Recorded data:

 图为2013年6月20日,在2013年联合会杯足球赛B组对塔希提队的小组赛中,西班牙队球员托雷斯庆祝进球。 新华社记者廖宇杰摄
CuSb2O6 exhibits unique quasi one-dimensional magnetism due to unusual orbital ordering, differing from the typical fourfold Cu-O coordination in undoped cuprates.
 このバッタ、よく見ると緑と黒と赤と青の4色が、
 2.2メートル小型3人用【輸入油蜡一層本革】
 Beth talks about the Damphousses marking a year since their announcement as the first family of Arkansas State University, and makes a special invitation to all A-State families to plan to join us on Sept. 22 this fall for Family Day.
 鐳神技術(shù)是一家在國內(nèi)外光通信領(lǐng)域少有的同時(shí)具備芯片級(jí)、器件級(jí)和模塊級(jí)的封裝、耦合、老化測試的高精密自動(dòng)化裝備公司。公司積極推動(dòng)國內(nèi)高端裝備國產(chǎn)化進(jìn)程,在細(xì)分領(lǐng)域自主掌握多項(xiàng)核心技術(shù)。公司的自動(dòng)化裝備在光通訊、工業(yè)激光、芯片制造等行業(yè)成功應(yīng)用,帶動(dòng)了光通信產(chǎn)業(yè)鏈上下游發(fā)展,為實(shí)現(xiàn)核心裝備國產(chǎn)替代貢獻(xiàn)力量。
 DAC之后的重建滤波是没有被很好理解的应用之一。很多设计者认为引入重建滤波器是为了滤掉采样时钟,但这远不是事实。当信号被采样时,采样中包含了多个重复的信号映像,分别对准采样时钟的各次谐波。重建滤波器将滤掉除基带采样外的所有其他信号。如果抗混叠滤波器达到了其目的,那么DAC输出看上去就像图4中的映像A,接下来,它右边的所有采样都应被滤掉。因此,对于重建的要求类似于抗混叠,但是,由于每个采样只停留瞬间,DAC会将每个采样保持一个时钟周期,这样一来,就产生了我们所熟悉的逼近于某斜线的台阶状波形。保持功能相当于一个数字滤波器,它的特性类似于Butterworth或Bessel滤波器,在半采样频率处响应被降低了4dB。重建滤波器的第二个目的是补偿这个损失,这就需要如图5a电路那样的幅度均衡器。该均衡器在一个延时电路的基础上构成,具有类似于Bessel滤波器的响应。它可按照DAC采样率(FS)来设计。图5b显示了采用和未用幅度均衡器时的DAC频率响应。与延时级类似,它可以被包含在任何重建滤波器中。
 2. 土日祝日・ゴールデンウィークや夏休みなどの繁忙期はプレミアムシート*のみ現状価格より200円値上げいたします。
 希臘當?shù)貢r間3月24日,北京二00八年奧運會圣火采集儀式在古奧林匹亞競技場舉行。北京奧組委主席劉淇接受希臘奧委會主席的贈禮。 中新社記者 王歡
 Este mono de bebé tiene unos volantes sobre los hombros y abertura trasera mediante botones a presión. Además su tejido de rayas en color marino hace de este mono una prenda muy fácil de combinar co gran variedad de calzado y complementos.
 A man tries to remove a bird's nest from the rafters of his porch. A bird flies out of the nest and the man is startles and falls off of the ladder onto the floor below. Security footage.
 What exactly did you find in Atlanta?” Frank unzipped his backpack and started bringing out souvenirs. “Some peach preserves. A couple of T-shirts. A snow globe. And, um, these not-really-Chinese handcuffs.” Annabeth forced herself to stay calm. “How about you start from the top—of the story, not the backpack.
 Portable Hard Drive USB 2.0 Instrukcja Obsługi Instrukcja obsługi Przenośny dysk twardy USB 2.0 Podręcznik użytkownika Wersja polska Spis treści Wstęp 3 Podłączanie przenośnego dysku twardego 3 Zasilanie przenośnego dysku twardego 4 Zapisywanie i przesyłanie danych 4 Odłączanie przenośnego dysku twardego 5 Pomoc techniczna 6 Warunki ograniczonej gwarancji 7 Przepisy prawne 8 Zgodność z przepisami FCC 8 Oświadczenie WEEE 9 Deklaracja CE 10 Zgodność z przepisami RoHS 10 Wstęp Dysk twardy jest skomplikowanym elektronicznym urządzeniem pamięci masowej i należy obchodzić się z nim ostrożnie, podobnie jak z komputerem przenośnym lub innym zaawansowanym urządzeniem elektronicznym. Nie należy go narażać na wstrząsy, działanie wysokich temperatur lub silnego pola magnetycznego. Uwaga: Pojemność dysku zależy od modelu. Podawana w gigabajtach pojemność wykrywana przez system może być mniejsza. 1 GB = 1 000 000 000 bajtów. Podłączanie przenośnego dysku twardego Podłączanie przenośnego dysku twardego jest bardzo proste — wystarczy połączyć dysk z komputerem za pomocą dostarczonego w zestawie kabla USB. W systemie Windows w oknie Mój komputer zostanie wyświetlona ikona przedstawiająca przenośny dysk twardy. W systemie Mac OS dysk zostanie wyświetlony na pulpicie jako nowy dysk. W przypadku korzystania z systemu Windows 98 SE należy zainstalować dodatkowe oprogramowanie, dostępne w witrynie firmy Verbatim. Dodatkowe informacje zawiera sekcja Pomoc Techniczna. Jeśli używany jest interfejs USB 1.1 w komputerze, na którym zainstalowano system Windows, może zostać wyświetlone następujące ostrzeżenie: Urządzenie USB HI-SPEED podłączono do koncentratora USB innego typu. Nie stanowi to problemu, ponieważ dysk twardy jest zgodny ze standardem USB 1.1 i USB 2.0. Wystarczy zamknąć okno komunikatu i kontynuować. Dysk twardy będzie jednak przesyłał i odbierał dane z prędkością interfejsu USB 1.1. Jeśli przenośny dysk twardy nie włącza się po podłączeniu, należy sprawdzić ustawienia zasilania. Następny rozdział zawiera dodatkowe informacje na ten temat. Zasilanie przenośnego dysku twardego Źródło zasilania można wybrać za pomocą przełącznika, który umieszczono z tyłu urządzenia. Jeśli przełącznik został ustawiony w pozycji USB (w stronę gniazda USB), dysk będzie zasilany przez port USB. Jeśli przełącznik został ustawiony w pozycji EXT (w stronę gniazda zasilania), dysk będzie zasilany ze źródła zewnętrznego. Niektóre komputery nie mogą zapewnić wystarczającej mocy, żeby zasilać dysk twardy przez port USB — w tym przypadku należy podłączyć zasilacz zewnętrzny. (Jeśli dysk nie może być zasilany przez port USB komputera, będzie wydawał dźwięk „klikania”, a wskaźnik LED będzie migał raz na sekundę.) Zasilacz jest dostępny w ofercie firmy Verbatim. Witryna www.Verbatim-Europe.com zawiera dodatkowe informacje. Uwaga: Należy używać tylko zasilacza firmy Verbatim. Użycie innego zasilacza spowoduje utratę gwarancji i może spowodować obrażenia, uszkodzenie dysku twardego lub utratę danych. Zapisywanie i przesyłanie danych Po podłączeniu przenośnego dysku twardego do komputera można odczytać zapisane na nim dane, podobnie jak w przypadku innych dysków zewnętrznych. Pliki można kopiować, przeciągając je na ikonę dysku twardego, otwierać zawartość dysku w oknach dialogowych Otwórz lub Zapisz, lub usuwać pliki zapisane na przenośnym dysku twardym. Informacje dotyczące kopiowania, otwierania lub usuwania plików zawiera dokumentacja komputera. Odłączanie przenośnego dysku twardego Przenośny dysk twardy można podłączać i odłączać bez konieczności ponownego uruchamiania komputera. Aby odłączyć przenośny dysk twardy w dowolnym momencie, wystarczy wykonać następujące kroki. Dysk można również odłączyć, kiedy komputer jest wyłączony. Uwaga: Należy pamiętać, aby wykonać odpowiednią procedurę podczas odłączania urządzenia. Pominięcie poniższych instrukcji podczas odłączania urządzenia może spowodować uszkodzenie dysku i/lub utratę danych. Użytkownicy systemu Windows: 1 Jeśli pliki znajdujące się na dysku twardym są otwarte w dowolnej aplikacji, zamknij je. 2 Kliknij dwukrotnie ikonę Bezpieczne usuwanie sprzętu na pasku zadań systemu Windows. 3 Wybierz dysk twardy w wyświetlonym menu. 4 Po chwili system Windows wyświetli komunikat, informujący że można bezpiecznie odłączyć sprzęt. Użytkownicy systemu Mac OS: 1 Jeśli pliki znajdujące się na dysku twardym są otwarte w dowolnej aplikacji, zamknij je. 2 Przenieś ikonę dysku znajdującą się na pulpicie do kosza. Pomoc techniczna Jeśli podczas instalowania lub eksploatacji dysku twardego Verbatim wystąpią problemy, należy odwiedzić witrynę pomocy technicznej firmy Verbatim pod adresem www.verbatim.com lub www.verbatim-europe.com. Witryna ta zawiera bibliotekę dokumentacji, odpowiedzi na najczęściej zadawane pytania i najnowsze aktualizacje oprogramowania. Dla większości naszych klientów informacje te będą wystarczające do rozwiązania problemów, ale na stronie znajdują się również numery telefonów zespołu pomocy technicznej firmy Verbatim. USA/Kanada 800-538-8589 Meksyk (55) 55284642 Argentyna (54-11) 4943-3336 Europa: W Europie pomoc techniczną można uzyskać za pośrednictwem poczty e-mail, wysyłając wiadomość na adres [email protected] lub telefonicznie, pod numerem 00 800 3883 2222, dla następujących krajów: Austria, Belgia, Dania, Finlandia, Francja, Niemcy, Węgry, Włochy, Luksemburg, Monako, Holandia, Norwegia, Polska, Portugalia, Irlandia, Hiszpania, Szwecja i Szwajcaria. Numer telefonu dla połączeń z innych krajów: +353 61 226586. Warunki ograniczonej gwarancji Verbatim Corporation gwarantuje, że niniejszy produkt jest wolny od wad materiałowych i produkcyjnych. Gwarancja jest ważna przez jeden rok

TASK STATEMENT: Your reply is to repeat, unchanged, the lines above running from the one with "Beth talks about" up to and including the one with "鐳神技術(shù)是一家在國".

SOLUTION TO THIS TASK:
 Beth talks about the Damphousses marking a year since their announcement as the first family of Arkansas State University, and makes a special invitation to all A-State families to plan to join us on Sept. 22 this fall for Family Day.
 鐳神技術(shù)是一家在國內(nèi)外光通信領(lǐng)域少有的同時(shí)具備芯片級(jí)、器件級(jí)和模塊級(jí)的封裝、耦合、老化測試的高精密自動(dòng)化裝備公司。公司積極推動(dòng)國內(nèi)高端裝備國產(chǎn)化進(jìn)程,在細(xì)分領(lǐng)域自主掌握多項(xiàng)核心技術(shù)。公司的自動(dòng)化裝備在光通訊、工業(yè)激光、芯片制造等行業(yè)成功應(yīng)用,帶動(dòng)了光通信產(chǎn)業(yè)鏈上下游發(fā)展,為實(shí)現(xiàn)核心裝備國產(chǎn)替代貢獻(xiàn)力量。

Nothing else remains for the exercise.